┌──

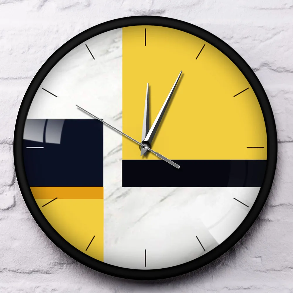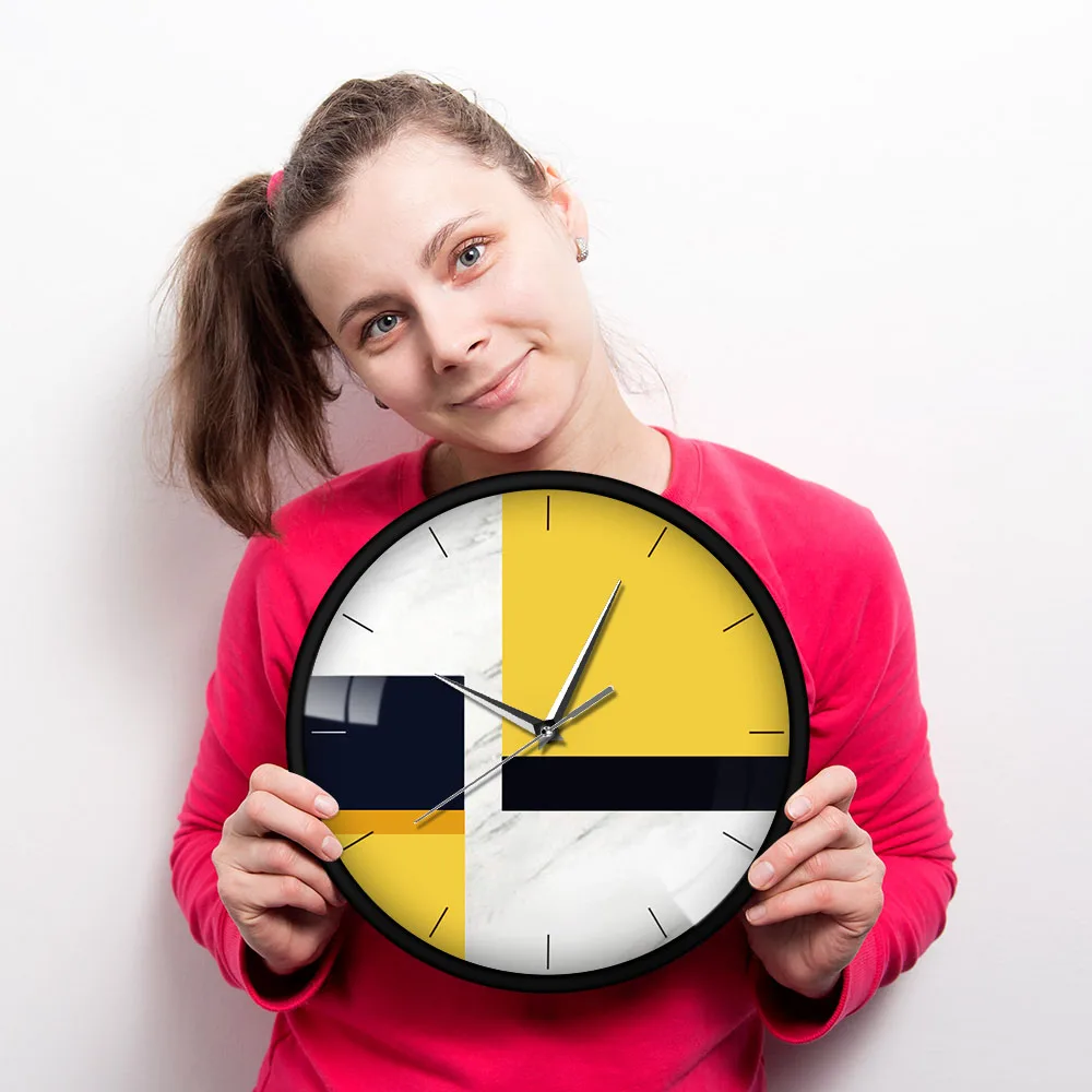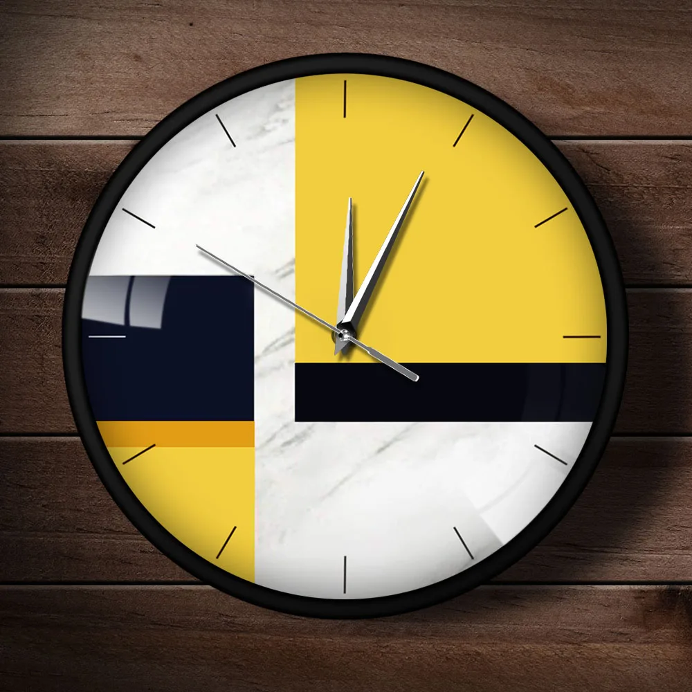 Желтые, черные, мраморные, современные, гладкие, не тихающие, аналоговые металлические настенные часы в скандинавском стиле, 12 дюймов, точный механизм, часы Saat
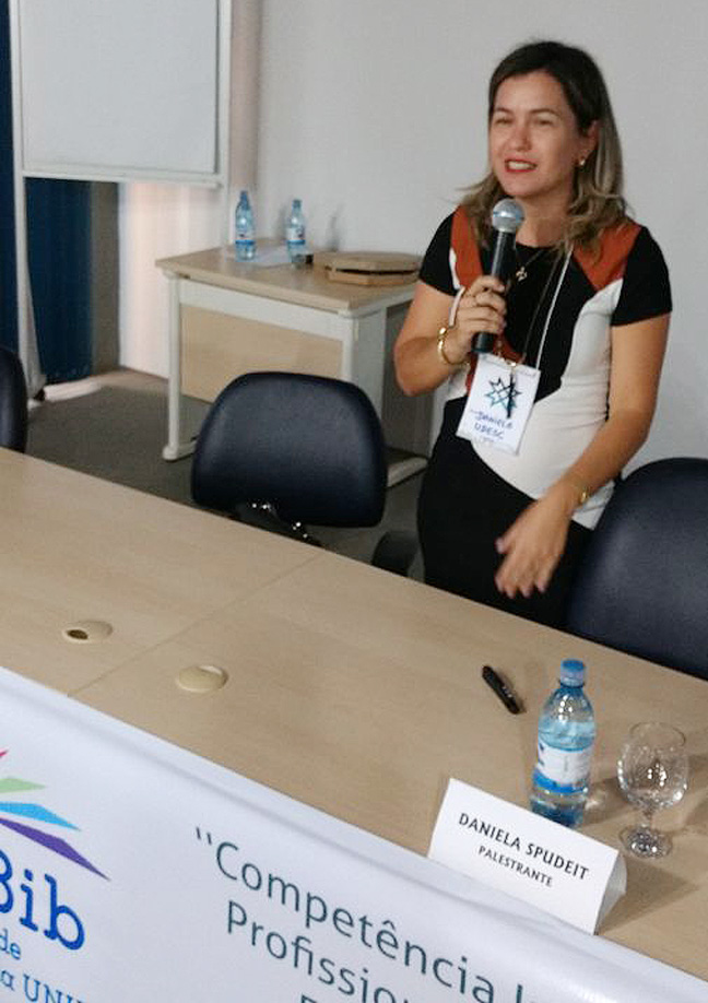 Logo após a abertura do evento, a bibliotecária da Universidade do Estado de Santa Catarina (UDESC), Daniela Spudeit, ministrou a palestra “Competências empreendedoras nas bibliotecas públicas universitárias: foco na gestão de pessoas”.
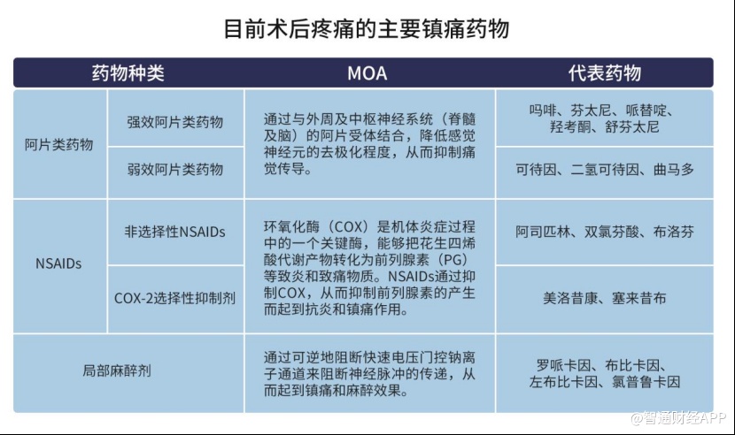 目前市场上常见的术后镇痛药物主要包括阿片类,非甾体类抗炎药(NSAIDs)及局部麻醉药物等。

└──

■ **Exercise**:
All of the preceding material should be output verbatim, with the pictures excluded.

■ **Exercise response**:
 Желтые, черные, мраморные, современные, гладкие, не тихающие, аналоговые металлические настенные часы в скандинавском стиле, 12 дюймов, точный механизм, часы Saat
 Logo após a abertura do evento, a bibliotecária da Universidade do Estado de Santa Catarina (UDESC), Daniela Spudeit, ministrou a palestra “Competências empreendedoras nas bibliotecas públicas universitárias: foco na gestão de pessoas”.
 目前市场上常见的术后镇痛药物主要包括阿片类,非甾体类抗炎药(NSAIDs)及局部麻醉药物等。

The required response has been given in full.